WHAT NEEDS TO BE DONE :: First find the line with "Kawaii Strawberry Print Tote Bag" in the entries below, then set down exactly every line through the line with "8、截取兩部分人物,描邊之后拖進來,擺放到適當位置。", that line included.

DATASET EXCERPTS ::
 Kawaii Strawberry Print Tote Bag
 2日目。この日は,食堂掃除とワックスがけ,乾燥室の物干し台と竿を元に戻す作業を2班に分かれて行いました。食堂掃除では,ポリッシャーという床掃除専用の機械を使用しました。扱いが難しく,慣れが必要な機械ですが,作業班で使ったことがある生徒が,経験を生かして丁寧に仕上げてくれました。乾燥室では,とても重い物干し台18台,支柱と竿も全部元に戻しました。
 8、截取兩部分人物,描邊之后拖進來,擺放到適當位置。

* * *

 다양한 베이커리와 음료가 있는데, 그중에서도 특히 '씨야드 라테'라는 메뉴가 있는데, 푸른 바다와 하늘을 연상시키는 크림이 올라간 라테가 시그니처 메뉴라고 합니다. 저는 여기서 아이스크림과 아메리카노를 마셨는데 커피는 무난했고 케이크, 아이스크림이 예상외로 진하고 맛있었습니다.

FINAL ANSWER ::
 Kawaii Strawberry Print Tote Bag
 2日目。この日は,食堂掃除とワックスがけ,乾燥室の物干し台と竿を元に戻す作業を2班に分かれて行いました。食堂掃除では,ポリッシャーという床掃除専用の機械を使用しました。扱いが難しく,慣れが必要な機械ですが,作業班で使ったことがある生徒が,経験を生かして丁寧に仕上げてくれました。乾燥室では,とても重い物干し台18台,支柱と竿も全部元に戻しました。
 8、截取兩部分人物,描邊之后拖進來,擺放到適當位置。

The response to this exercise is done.